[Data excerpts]
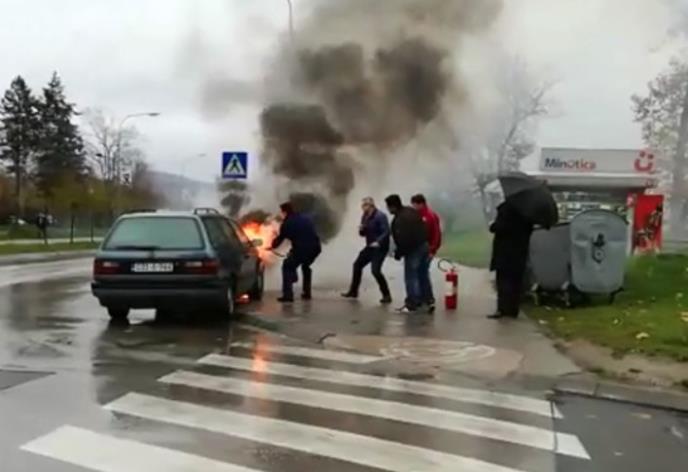 Automobil marke "folksvagen pasat" zapalio se u vožnji. Nije poznato šta je uzrok požara, ali se prethodno čula jaka eksplozija.
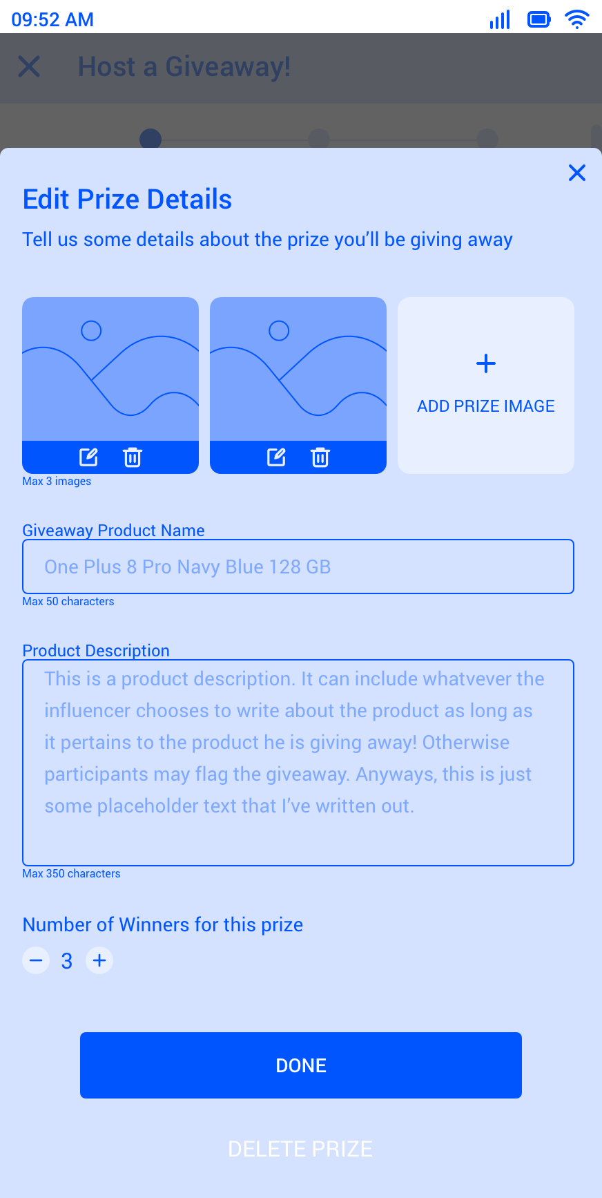 3) Explicit giveaway descriptions are mandatory by the host so participants know that they are genuine.
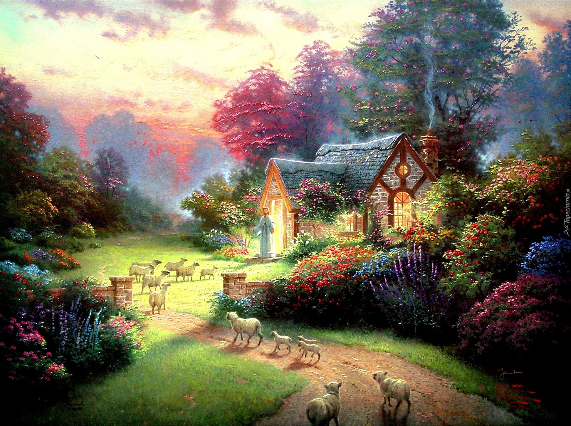 Edytor tapety: Dom, Droga, Owieczki, Thomas Kinkade
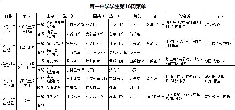 学生第16周菜单
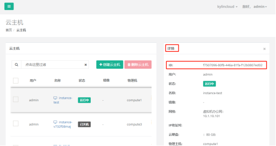 #### 2.1.5 在云平台上查看云主机的ID并复制
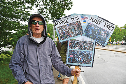 - Herb Foisy holds three signs showing demonstrations at a protest which drew approximately 1500–2000 protesters to line the sidewalk and lawn in front of Fairhaven High School in the rain on Saturday, 6/14/25, joining nationwide “No Kings” demonstrations to protest President Donald Trump’s disregard for due process for immigrants and his blatant disregard for the rulings of the courts. Photo by Beth David.
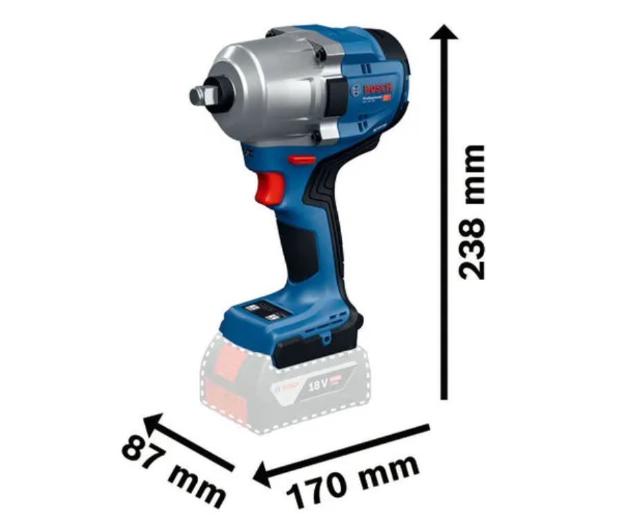 GDS 18V-780 Professional ima robusni držač alata od 1/2 inča s dodatnim zaštitnim prstenom, velikim okretnim momentom, više različitih načina rada za različite primjene, snažan motor bez četkica, kratku glavu te je kompaktna i lagana dizajna.
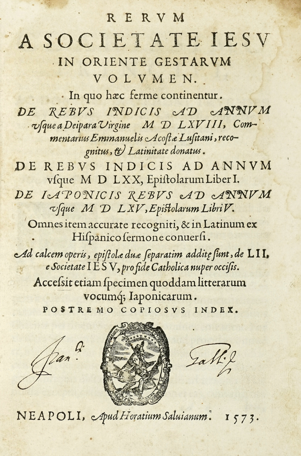 Acosta Manuel, Rerum a Societate Iesu in Oriente gestarum volumen... Neapoli: apud Horatium Salvianum, 1573.
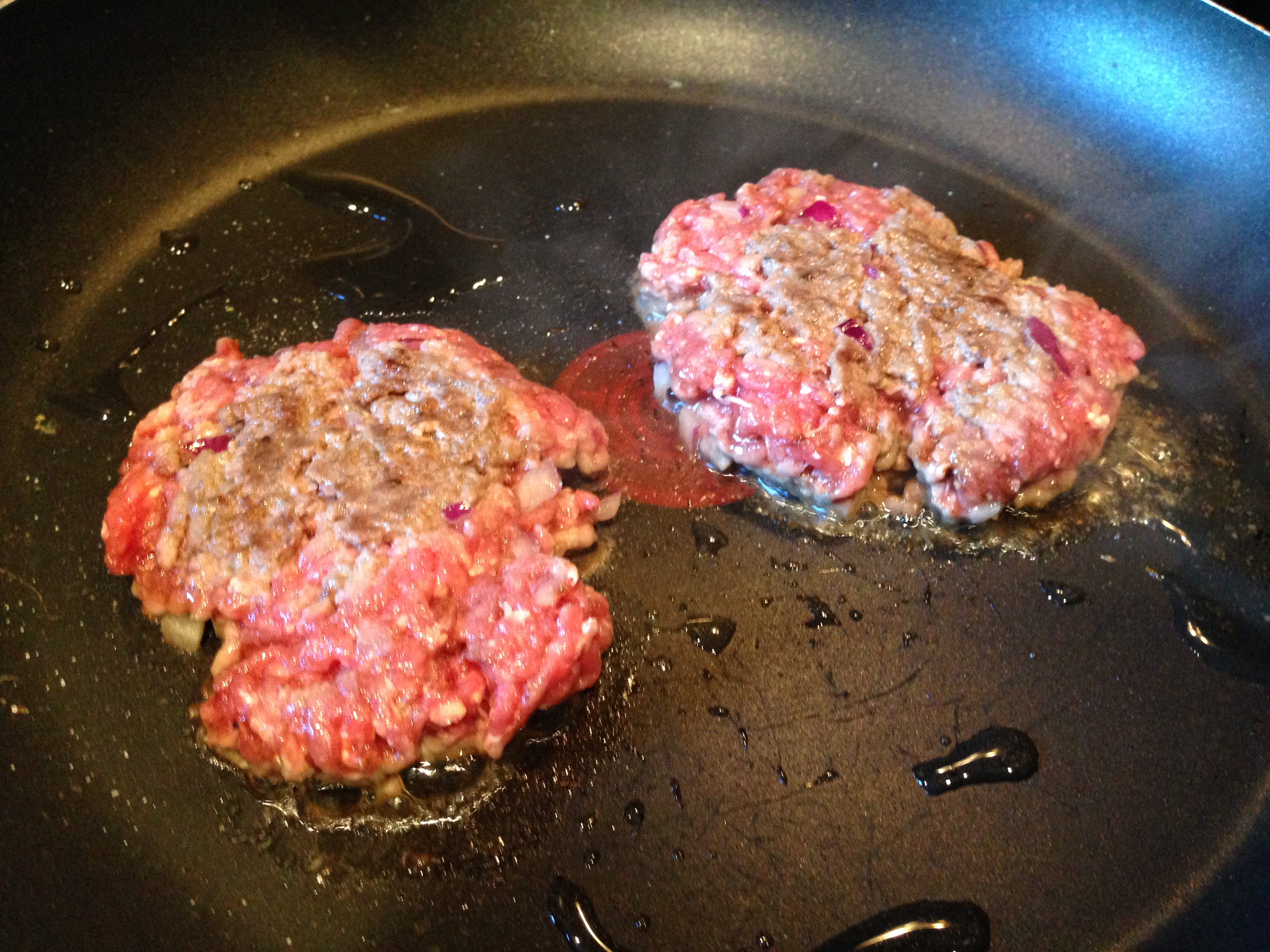– Sprinkle salt on the top side of the meat only. Place each ball of meat into the hot pan (salt side down). Cook for around one minute.
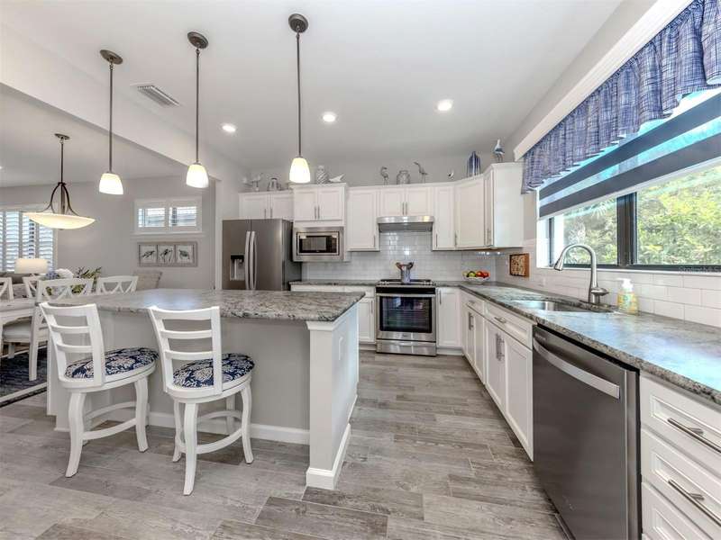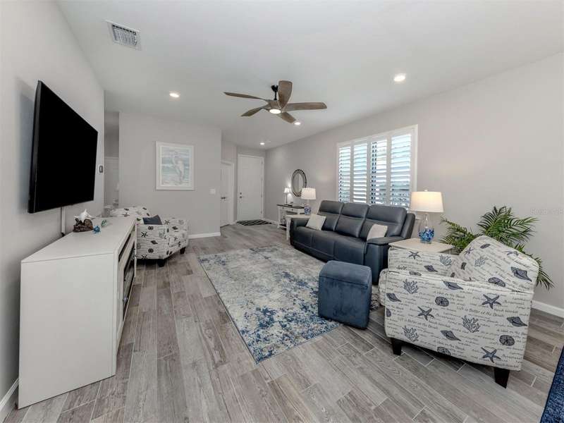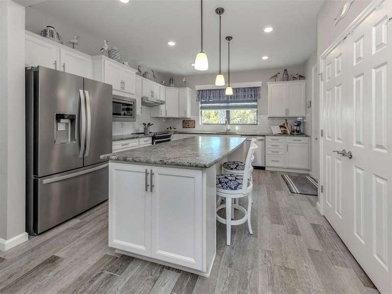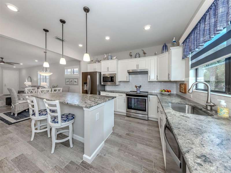 Welcome to this lovely, maintenance free single family home in the highly sought-after 55+ community of Cypress Falls at The Woodlands in North Port. Built in 2019, this meticulously maintained home offers an open-concept layout designed for both comfort and entertaining. The spacious chef’s kitchen is a true showstopper, featuring white shaker cabinets, abundant storage, leathered granite countertops, and a large cooking island that serves as the heart of the home. Plantation shutters throughout. The bedrooms have been updated with stylish new tile flooring, and the primary suite includes a spa-like ensuite bath and an oversized walk-in closet. Overhead custom storage in the garage. Enjoy peaceful views from the extended lanai overlooking the lush preserve, with a tranquil water view just to the right. At the front of the home, the owners have added a charming screened-in porch — the perfect spot for morning coffee or a quiet evening retreat. Cypress Falls is a beautifully maintained, gated, resort-style community offering an active, low-maintenance lifestyle. Residents enjoy a wealth of amenities, including a clubhouse with fitness center, two resort-style pools, a resistance pool, spa, tennis and pickleball courts, bocce ball, and scenic walking trails. With a full calendar of activities and clubs, Cypress Falls provides the perfect blend of relaxation and engagement in one of North Port’s most desirable 55+ neighborhoods.
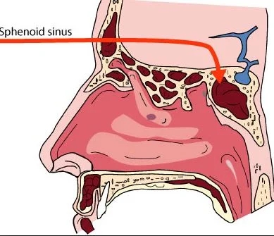The pictures above show the sphenoid sinus in a diagram and on CT. Sphenoid mucoceles can cause compression of the pituitary.
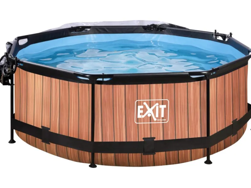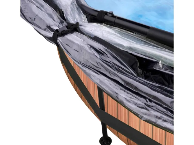 Das tolle Holzmuster und der schwarze Rahmen geben dem Wood Pool eine einzigartige Ausstrahlung und dank des natürlichen Aussehens integriert sich der Pool völlig in Ihrem Garten. Die Innenseite des Pools ist blau, sodass Sie das frische Schwimmbad-Gefühl haben.
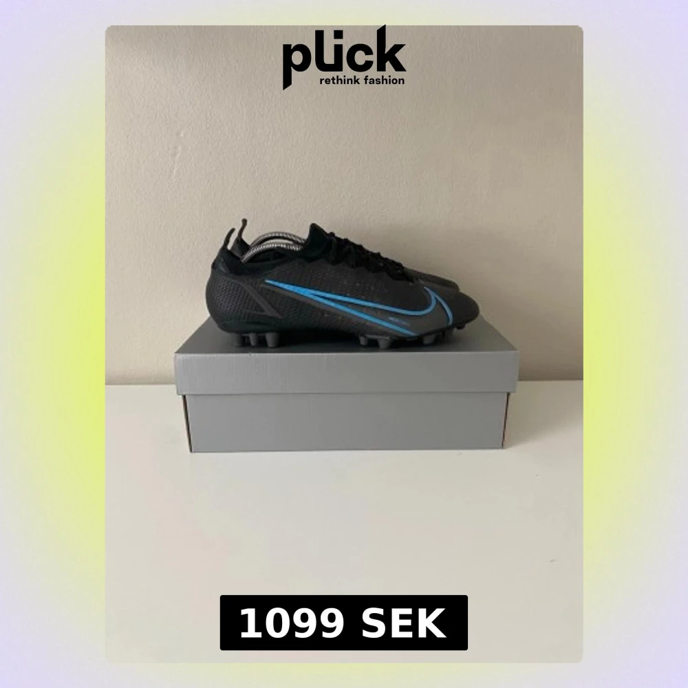 Säljer ett par Nike Mercurial fotbollsskor i svart med blå detaljer och klassisk Nike-swoosh på sidan. Skorna har snörning, låg profil och dobbar för bra grepp på konstgräs men fungerar även på gräs. Säljer för att dem är för små.
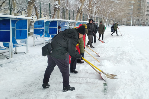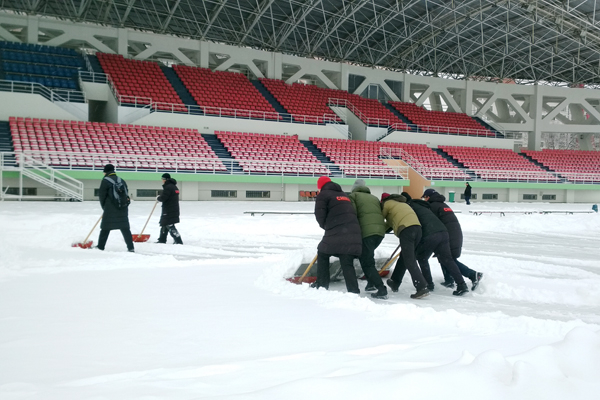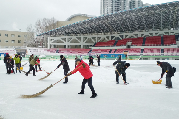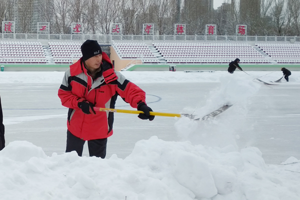 “忽如一夜瑞雪来,千树万树梨花开”,清晨的校园银装素裹,装点的分外妖娆,但一场大雪也给滑冰课教学和户外健身带来了不便。今天早8:00,tyc7111cc太阳成集团全体教职工按照以雪为令的布署,不辞辛劳,克服各种困难从家中准时赶到一校区体育场开始了清雪工作。他们不畏严寒,协同作战,推雪的推雪,扫冰的扫冰,经过近一个小时的奋战,把冰场所有跑道和教学区清扫的干干净净,随后转战小足球场,将跑道的雪清理完毕,保障了滑冰课教学和课余锻炼健身顺利进行。
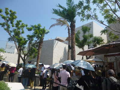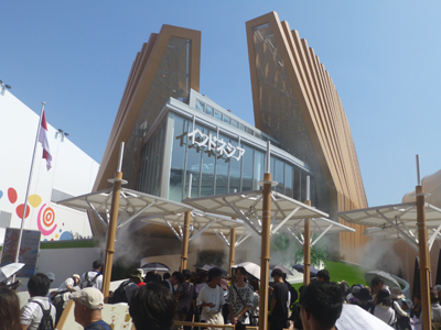 サウジアラビア館。砂漠のオアシスで見られる煉瓦づくりの民家やヤシ科の木をイメージしたようなパビリオンだ。 20分ほど並んだ。 |
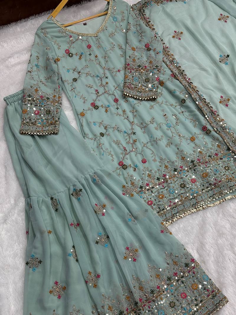 Blue embroidered georgette festive wear sharara suit stitched

What you will do: Pictures must be left out of the answer, which should be exactly the lines from the one holding "Das tolle Holzmuster" through the last line of the entries above, both included; please add nothing.

Completed task:
 Das tolle Holzmuster und der schwarze Rahmen geben dem Wood Pool eine einzigartige Ausstrahlung und dank des natürlichen Aussehens integriert sich der Pool völlig in Ihrem Garten. Die Innenseite des Pools ist blau, sodass Sie das frische Schwimmbad-Gefühl haben.
 Säljer ett par Nike Mercurial fotbollsskor i svart med blå detaljer och klassisk Nike-swoosh på sidan. Skorna har snörning, låg profil och dobbar för bra grepp på konstgräs men fungerar även på gräs. Säljer för att dem är för små.
 “忽如一夜瑞雪来,千树万树梨花开”,清晨的校园银装素裹,装点的分外妖娆,但一场大雪也给滑冰课教学和户外健身带来了不便。今天早8:00,tyc7111cc太阳成集团全体教职工按照以雪为令的布署,不辞辛劳,克服各种困难从家中准时赶到一校区体育场开始了清雪工作。他们不畏严寒,协同作战,推雪的推雪,扫冰的扫冰,经过近一个小时的奋战,把冰场所有跑道和教学区清扫的干干净净,随后转战小足球场,将跑道的雪清理完毕,保障了滑冰课教学和课余锻炼健身顺利进行。
 サウジアラビア館。砂漠のオアシスで見られる煉瓦づくりの民家やヤシ科の木をイメージしたようなパビリオンだ。 20分ほど並んだ。 |
 Blue embroidered georgette festive wear sharara suit stitched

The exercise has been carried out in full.